Every line from the one with "Totally updated '93" to the end of the listing below must be printed exactly, with no other text and no pictures.
==== SOURCE INFORMATION
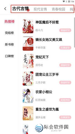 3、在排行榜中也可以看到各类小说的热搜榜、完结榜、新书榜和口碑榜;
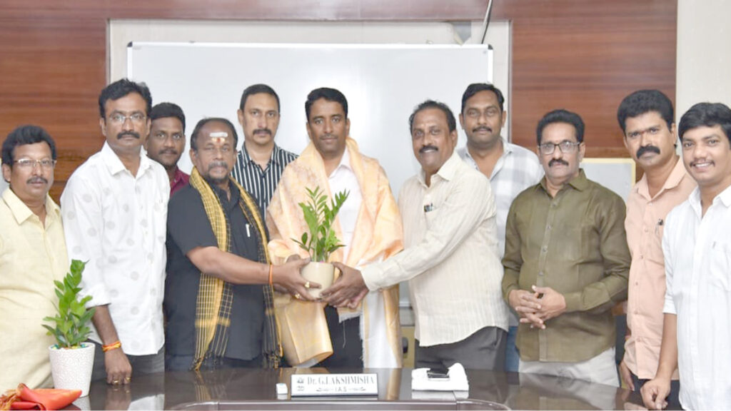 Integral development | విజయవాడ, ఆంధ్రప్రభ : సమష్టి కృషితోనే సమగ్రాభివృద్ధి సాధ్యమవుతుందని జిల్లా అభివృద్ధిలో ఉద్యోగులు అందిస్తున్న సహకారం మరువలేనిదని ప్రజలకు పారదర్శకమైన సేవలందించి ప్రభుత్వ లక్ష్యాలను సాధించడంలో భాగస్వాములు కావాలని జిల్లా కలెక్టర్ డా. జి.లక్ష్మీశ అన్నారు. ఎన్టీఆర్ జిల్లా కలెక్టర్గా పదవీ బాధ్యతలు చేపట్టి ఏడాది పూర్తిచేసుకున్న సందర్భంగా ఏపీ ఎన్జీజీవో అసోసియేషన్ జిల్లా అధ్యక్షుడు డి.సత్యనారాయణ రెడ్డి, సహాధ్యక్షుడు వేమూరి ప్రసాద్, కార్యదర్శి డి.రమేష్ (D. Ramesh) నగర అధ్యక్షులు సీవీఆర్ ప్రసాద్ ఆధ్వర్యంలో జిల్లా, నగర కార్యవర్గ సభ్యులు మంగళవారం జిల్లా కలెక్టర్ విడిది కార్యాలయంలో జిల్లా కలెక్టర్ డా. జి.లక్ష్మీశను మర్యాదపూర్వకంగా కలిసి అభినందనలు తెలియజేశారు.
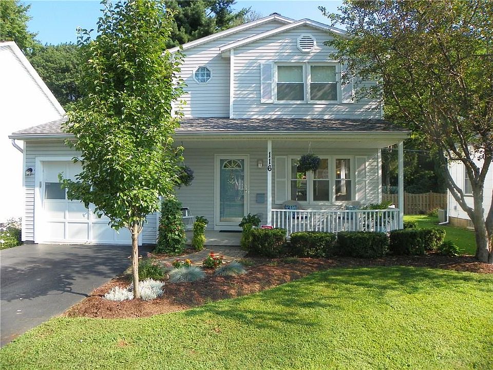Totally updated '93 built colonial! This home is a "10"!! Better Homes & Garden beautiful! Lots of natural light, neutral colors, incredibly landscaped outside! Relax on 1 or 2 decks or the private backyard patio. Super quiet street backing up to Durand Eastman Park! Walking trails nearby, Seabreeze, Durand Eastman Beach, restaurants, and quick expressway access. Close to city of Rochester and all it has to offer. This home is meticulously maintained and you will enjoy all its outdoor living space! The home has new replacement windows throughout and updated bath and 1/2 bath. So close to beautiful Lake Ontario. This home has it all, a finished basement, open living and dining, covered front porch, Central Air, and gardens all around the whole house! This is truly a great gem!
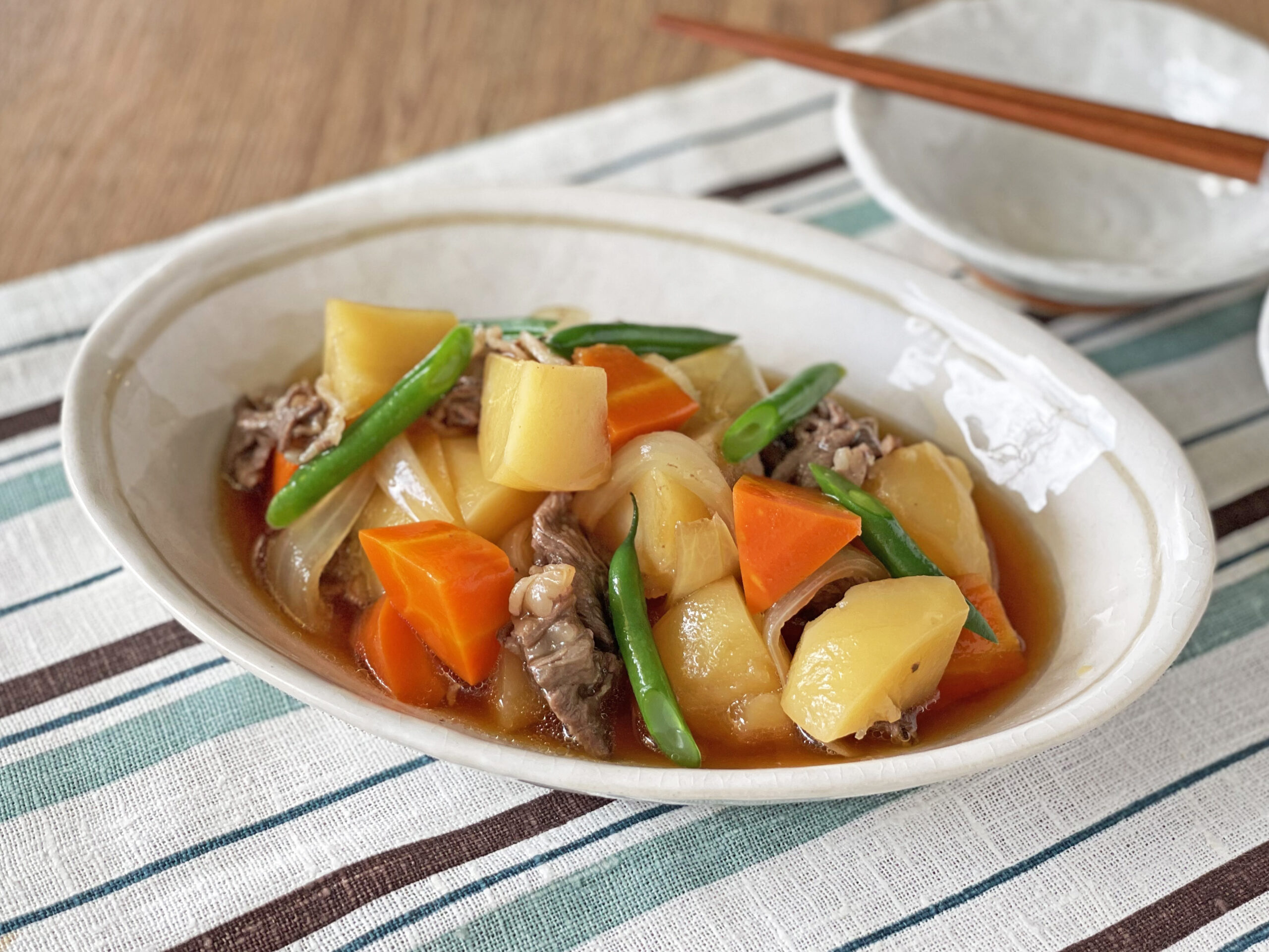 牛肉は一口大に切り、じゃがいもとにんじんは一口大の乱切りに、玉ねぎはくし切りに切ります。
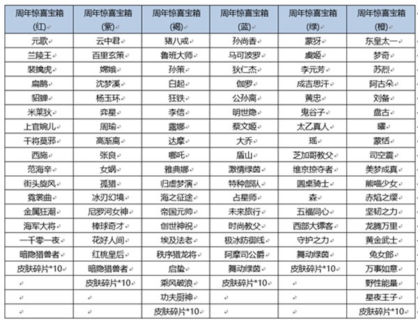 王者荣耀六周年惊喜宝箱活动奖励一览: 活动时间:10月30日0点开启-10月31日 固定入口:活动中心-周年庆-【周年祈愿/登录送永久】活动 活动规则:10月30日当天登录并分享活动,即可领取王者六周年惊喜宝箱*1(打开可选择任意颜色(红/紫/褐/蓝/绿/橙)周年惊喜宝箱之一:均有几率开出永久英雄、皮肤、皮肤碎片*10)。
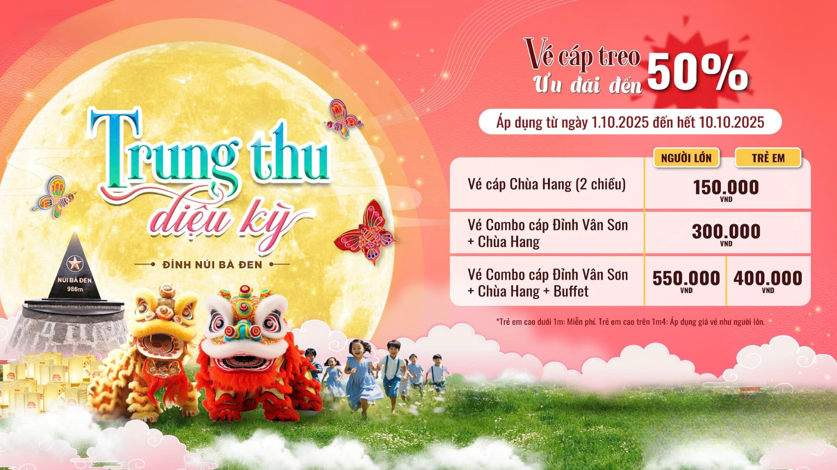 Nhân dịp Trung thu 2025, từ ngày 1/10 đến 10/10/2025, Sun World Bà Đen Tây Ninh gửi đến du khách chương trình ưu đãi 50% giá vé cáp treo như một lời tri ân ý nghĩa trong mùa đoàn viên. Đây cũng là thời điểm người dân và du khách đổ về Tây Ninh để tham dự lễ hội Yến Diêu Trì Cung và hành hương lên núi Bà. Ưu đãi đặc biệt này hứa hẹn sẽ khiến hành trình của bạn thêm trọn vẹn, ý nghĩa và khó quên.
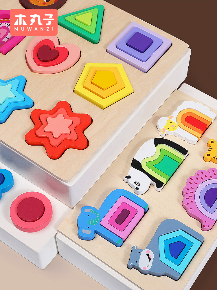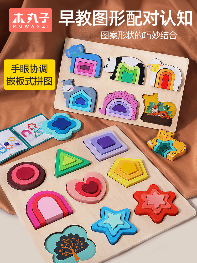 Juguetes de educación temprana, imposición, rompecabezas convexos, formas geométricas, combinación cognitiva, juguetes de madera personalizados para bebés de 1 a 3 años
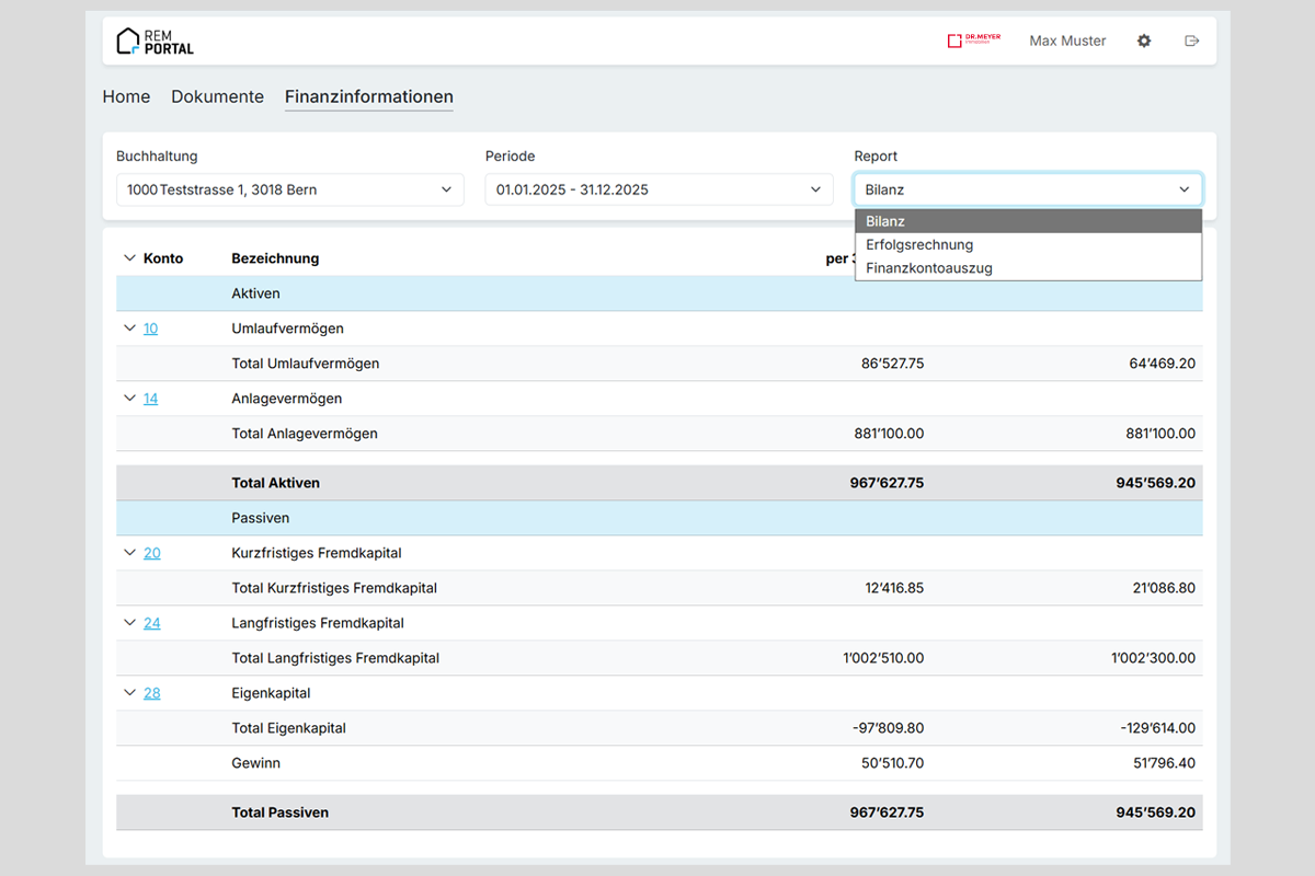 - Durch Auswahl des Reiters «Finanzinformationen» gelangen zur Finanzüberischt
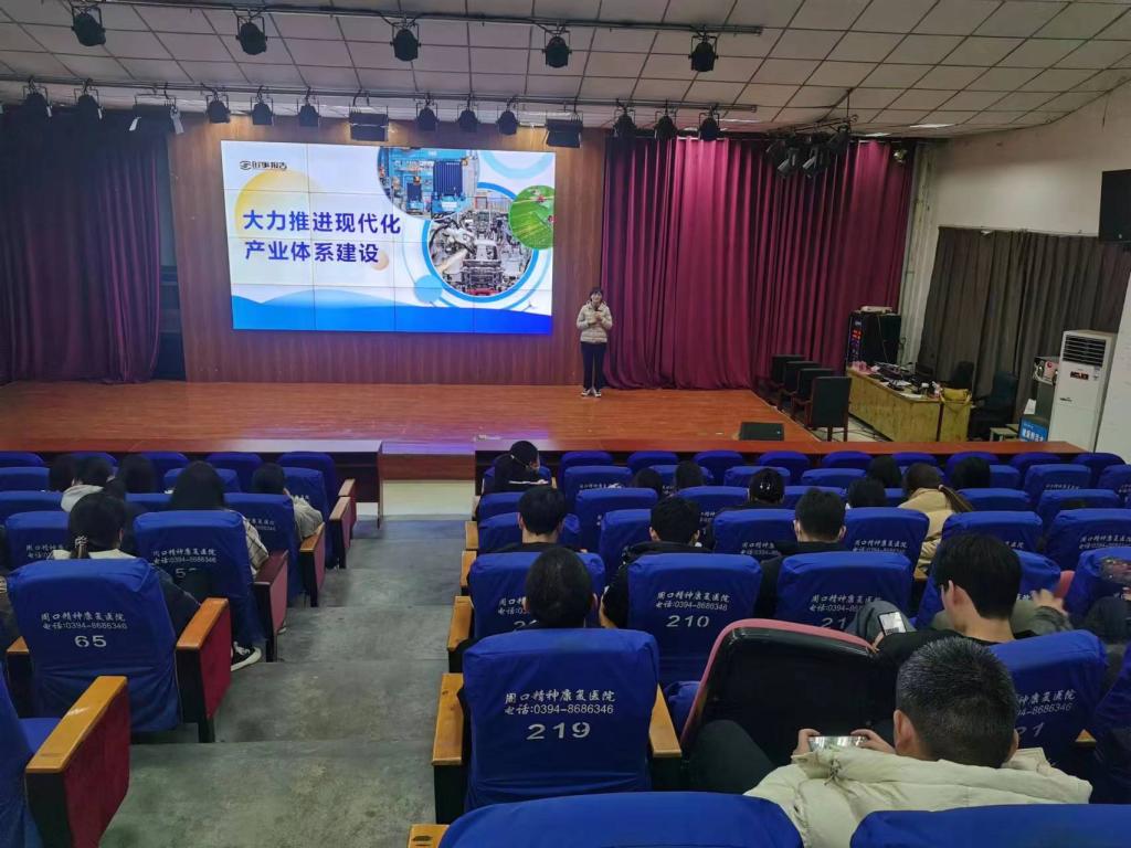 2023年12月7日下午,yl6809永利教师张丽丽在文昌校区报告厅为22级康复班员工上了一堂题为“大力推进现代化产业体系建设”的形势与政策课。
========
> [RESULT FOR THIS EXERCISE]
Totally updated '93 built colonial! This home is a "10"!! Better Homes & Garden beautiful! Lots of natural light, neutral colors, incredibly landscaped outside! Relax on 1 or 2 decks or the private backyard patio. Super quiet street backing up to Durand Eastman Park! Walking trails nearby, Seabreeze, Durand Eastman Beach, restaurants, and quick expressway access. Close to city of Rochester and all it has to offer. This home is meticulously maintained and you will enjoy all its outdoor living space! The home has new replacement windows throughout and updated bath and 1/2 bath. So close to beautiful Lake Ontario. This home has it all, a finished basement, open living and dining, covered front porch, Central Air, and gardens all around the whole house! This is truly a great gem!
 牛肉は一口大に切り、じゃがいもとにんじんは一口大の乱切りに、玉ねぎはくし切りに切ります。
 王者荣耀六周年惊喜宝箱活动奖励一览: 活动时间:10月30日0点开启-10月31日 固定入口:活动中心-周年庆-【周年祈愿/登录送永久】活动 活动规则:10月30日当天登录并分享活动,即可领取王者六周年惊喜宝箱*1(打开可选择任意颜色(红/紫/褐/蓝/绿/橙)周年惊喜宝箱之一:均有几率开出永久英雄、皮肤、皮肤碎片*10)。
 Nhân dịp Trung thu 2025, từ ngày 1/10 đến 10/10/2025, Sun World Bà Đen Tây Ninh gửi đến du khách chương trình ưu đãi 50% giá vé cáp treo như một lời tri ân ý nghĩa trong mùa đoàn viên. Đây cũng là thời điểm người dân và du khách đổ về Tây Ninh để tham dự lễ hội Yến Diêu Trì Cung và hành hương lên núi Bà. Ưu đãi đặc biệt này hứa hẹn sẽ khiến hành trình của bạn thêm trọn vẹn, ý nghĩa và khó quên.
 Juguetes de educación temprana, imposición, rompecabezas convexos, formas geométricas, combinación cognitiva, juguetes de madera personalizados para bebés de 1 a 3 años
 - Durch Auswahl des Reiters «Finanzinformationen» gelangen zur Finanzüberischt
 2023年12月7日下午,yl6809永利教师张丽丽在文昌校区报告厅为22级康复班员工上了一堂题为“大力推进现代化产业体系建设”的形势与政策课。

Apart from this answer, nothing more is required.